この水晶に手を翳しながら、我々の質問に答えよ」
抜き身の剣を手にした騎士に包囲され、私は水晶に手を翳した。
この水晶は先程の水晶とは別の水晶で、嘘発見器の様な物らしい。
「貴様は魔王軍の兵士か!?」
何故こんな事になっているのかと言うと。
私のクラスを知って大はしゃぎした4名が落ち着きを取り戻すのを待って、ギルドの受付に行った後の事だ。
勿論、私の冒険者登録をする為なのだが……
受付に居たマダムは、直ぐに私の魔眼に気が付いた。
「あ……貴方、魔族よね? 魔族は冒険者登録出来ないわ」
怯えているのだろうか。
少し声が震えているが、それを悟られない様に必死に振舞うマダム。
「何で登録出来ないの! ライは特別なんだって何度も言ってるじゃない!」
ルナが鬼の形相で食い下がる。
しかし、覆る事は無いだろう。
何故なら、神様が冒険者にはなれないと断言していたのだから。
「何度も聞いたわ! 人間と魔族の雑種なんでしょ!?」
「言い方っ!!」
「それは純粋な人間ではないし、亜人とも違うでしょ!
魔族の血が流れてる者に、身分証明書として使える冒険者登録証を発行出来る訳がないでしょう!!

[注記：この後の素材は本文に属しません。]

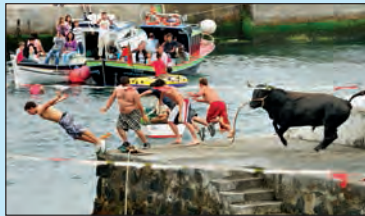
Terceira Het eiland werd als derde ontdekt en kwam zo aan zijn naam. Sinds de Tweede Wereldoorlog zijn er in Lajes een luchthaven en een Amerikaanse luchtmachtbasis. Het eiland is vooral bekend om zijn bijzondere stierengevechten en om Angra do Heroísmo.

魔族の身分を保証するギルドが何処にありますかっ!!」
「だーかーらー!! 魔族じゃなくて、ライは魔族と人間の間の子なのっ!! 魔王軍じゃないし! そんなのとは関わる事無く生きてきて、最近森に捨てられてしまった可哀想な可愛い男の子だって言ってんのっ!!」
「も〜…… 埒が明かないわ。
上に聞いてみるから、少し待ってなさい」
「自分で判断出来ないなら、最初からそうしなさいよね!!」
マダムが奥の部屋に消えてから20分程経っただろうか。
これは嫌な予感がする。
その予感は見事に的中した。
案の定、マダムは騎士団に通報していたのだ。
そして、囲まれた。
人間の世界では尋問は存在しない。
過去には有ったようだが、この水晶の発明によって尋問は時間の無駄となり、廃止されたらしい。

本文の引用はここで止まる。